------ DATA SECTION
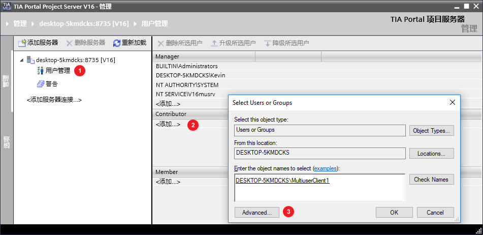 在 PC2 客户端上进入 TIA Portal “选项>设置>项目服务器” 界面,双击 “添加服务器连接” ,根据图 8 设置服务器分主机名或IP地址及端口号,还可以自行定义别名,最后单击 “添加” 按钮,如下图 15 所示。
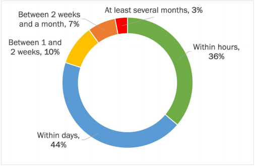 Patching software and hardware is a cybersecurity prevention 101 exercise. Cybercriminals use vulnerabilities in systems and applications to exploit pathways into sensitive parts of a network. Patching policies should reflect ransomware threats and patching cadence should Threat actors go on the offensive quickly. Still, it can take organizations days, weeks, or months to counter-defend their networks. Research from Osterman found that 36% of respondents could patch systems and applications within hours of discovering new vulnerabilities, and 44% could do so within days. The remainder took one week and several months, a cadence representing a significant threat.
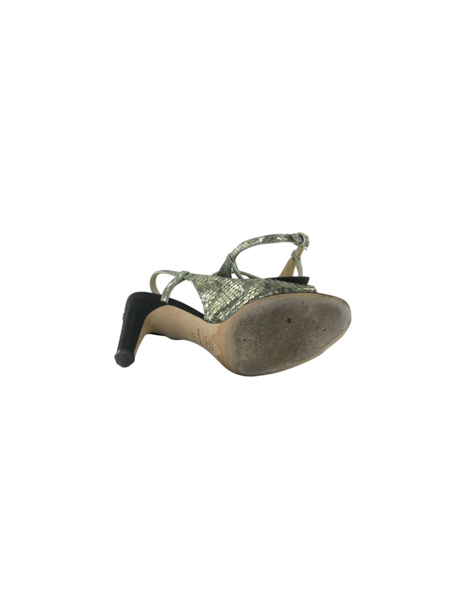 Sandales T 37 CHANEL en tissus facon python vert doré
------------
### EXERCISE OBJECTIVE
Transcribe all the lines above exactly; any image among them is skipped.

### WRITTEN RESPONSE
 在 PC2 客户端上进入 TIA Portal “选项>设置>项目服务器” 界面,双击 “添加服务器连接” ,根据图 8 设置服务器分主机名或IP地址及端口号,还可以自行定义别名,最后单击 “添加” 按钮,如下图 15 所示。
 Patching software and hardware is a cybersecurity prevention 101 exercise. Cybercriminals use vulnerabilities in systems and applications to exploit pathways into sensitive parts of a network. Patching policies should reflect ransomware threats and patching cadence should Threat actors go on the offensive quickly. Still, it can take organizations days, weeks, or months to counter-defend their networks. Research from Osterman found that 36% of respondents could patch systems and applications within hours of discovering new vulnerabilities, and 44% could do so within days. The remainder took one week and several months, a cadence representing a significant threat.
 Sandales T 37 CHANEL en tissus facon python vert doré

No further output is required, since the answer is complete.